Html parser

Aljaz111

I am looking for any html parser, that could output xml from inputstream(IMDB search results) or just parsed code into structures with filter tags. I tryed with HTMLCleaner but it doesn't supports imdb site. I get this error

Exception in thread "main" java.io.IOException: Server returned HTTP response code: 403 for URL: http://www.imdb.com/
at sun.net.www.protocol.http.HttpURLConnection.getInputStream(HttpURLConnection.java:1436)
at java.net.URL.openStream(URL.java:1010)
at org.htmlcleaner.Utils.getCharsetFromContent(Utils.java:121)
at org.htmlcleaner.HtmlCleaner.clean(HtmlCleaner.java:299)
at org.htmlcleaner.HtmlCleaner.clean(HtmlCleaner.java:317)
at Main.main(Main.java:25)

I also tryed HTMLParser([^]), but i can't get correct data with it. If anyone has experience with parsing IMDB html code i would be really thankful for any kind of help. Thanks

Manfred Rudolf Bihy

Since you haven't shown any code helping you seems futile, but I'm sure you have checked the meaning of HTTP return code of 403: http://en.wikipedia.org/wiki/HTTP_403[^]. Just a well meant hint. Cheers!

Luc Pattyn

Hi, 403 means "forbidden", which could be many things, however it is decided by the server, and the net result is you aren't getting any data. So it is not the parsing that is at fault, it is the way you ask for the web page. I tried http://www.imdb.com with my existing C# program and it loads fine; one thing I remember very well doing after some sporadic failures, is provide a realistic "useragent", which is a string explaining what the client's characteristics/capabilities are. I use "Mozilla/5.0 (Windows; U; Windows NT 6.0; en-US; rv:1.9.0.19) Gecko/2010031422 Firefox/3.0.17" which was what FireFox emitted at that time. I suggest you figure out where and how to specify such useragent in your code. :)

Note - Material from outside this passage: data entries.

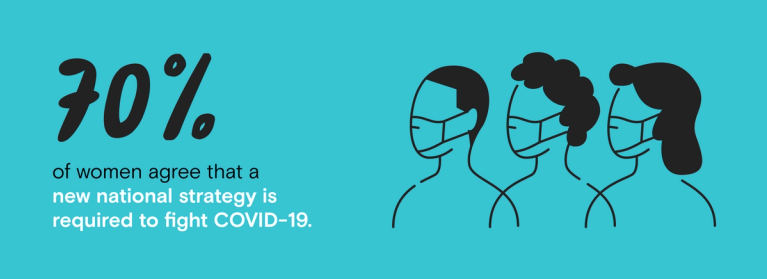Despite staggeringly different levels of COVID-19 contagion and impact among demographic groups, 70% of women agree that a new national strategy is required to fight COVID-19. Moreover, women in the study also show consensus regarding the policies and actions in such a strategy, like social distancing and mask-wearing, with the vast majority preferring a stricter approach. Specifically, the majority of women believe that:
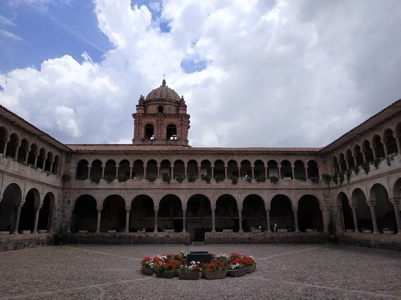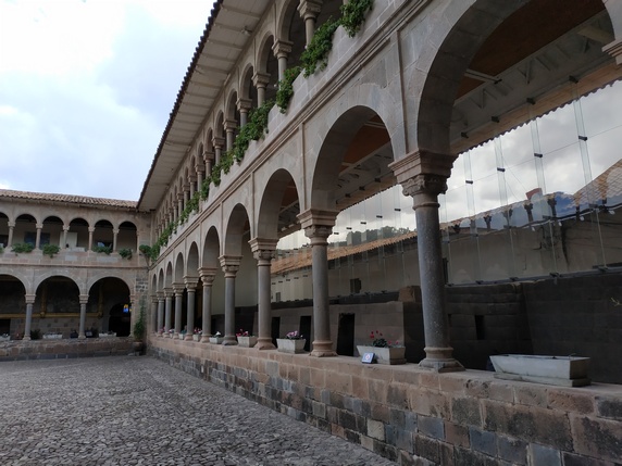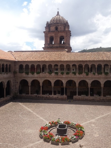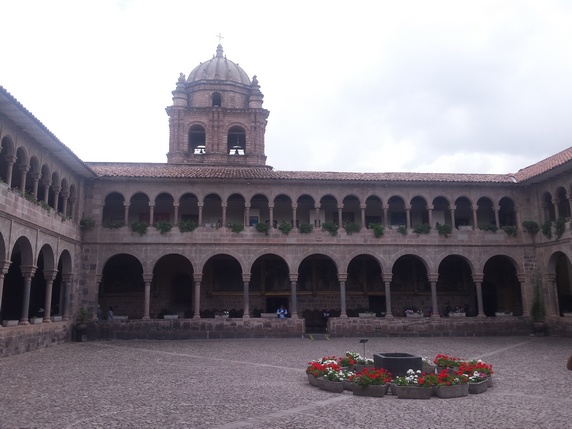 Convento Santo Domingo (Qorikancha). Su torre está adornada con tallados del estilo barroco, y en el interior cuenta con una fantástica pinacoteca de los siglos XVII y XVIII. La sala de acceso tiene un techo abovedado cubierto con pintura mural que representa símbolos de la crucifixión y su gran portón de madera tallada es el único ejemplo de estilo mudéjar en Cuzco.
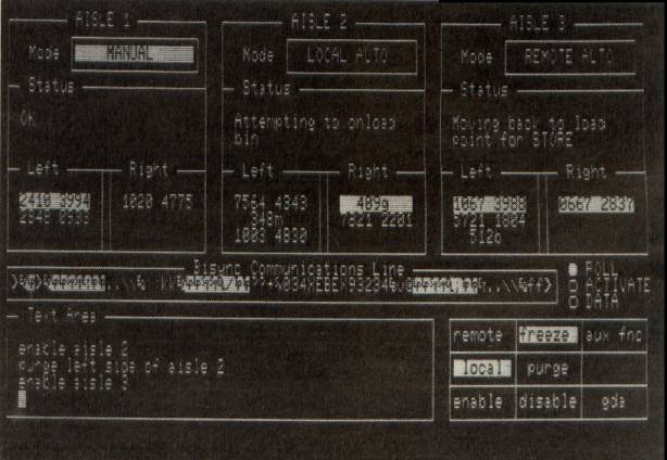 No static photograph can really give you an adequate idea of what the HAT screen looks like when the system is in operation. The bytes in the bisync window are constantly whizzing around, while the status fields for each of the aisles are continually changing as the cranes go through their paces. Meanwhile, the bin queues are constantly filling up and emptying out, allowing you to watch as each bin request gradually moves up in sequence until it becomes current.

Luc Pattyn [Forum Guidelines] [My Articles] Nil Volentibus Arduum

Please use <PRE> tags for code snippets, they preserve indentation, improve readability, and make me actually look at the code.

Aljaz111

The code is like this:

CleanerProperties props = new CleanerProperties();
HtmlCleaner test=new HtmlCleaner();
test.clean(new URL("http://www.imdb.com/find?s=all&q=burek"));

In c# i have no problems too. But in java there i have errors, which i specified. Any other parser, that would be useful for IMDB? Thanks

Luc Pattyn

My C# code doesn't work for that URL, i.e. it seems to return only half a HTML header and no body; there is a link tag though. My FF browser works, however its "view page source" shows exactly the same stuff my C# app does. I'm puzzled by the link tag.

the "canonical" value is unknown in here[^]!!! There are google hits about it though... :)

Luc Pattyn [Forum Guidelines] [My Articles] Nil Volentibus Arduum

Please use <PRE> tags for code snippets, they preserve indentation, improve readability, and make me actually look at the code.

Aljaz111

I used another way of parsing it.. xml serialization with imdb doesn't work.. so i am doing it with TagNodes that HtmlParsers supports and its quite easy! Maybe you know how to replace this spec char which i am getting

"""

because with replace it doesn't work?! Thanks

modified on Monday, March 14, 2011 11:42 PM

all_in_flames

I would hazard a guess that the 403 Forbidden error is the result of IMDB not allowing their web interfaces to be used as a web service (querying for data directly without viewing the content on their site, including the all-important advertising :)). They likely accomplish this with a bizarre browser behaviour trick, as Luc and yourself seem to have seen with the strange canonical link tag. You may want to look into if IMDB hosts a query interface for applications, but if they do, it's likely a premium service (AKA a paid service). Cheers!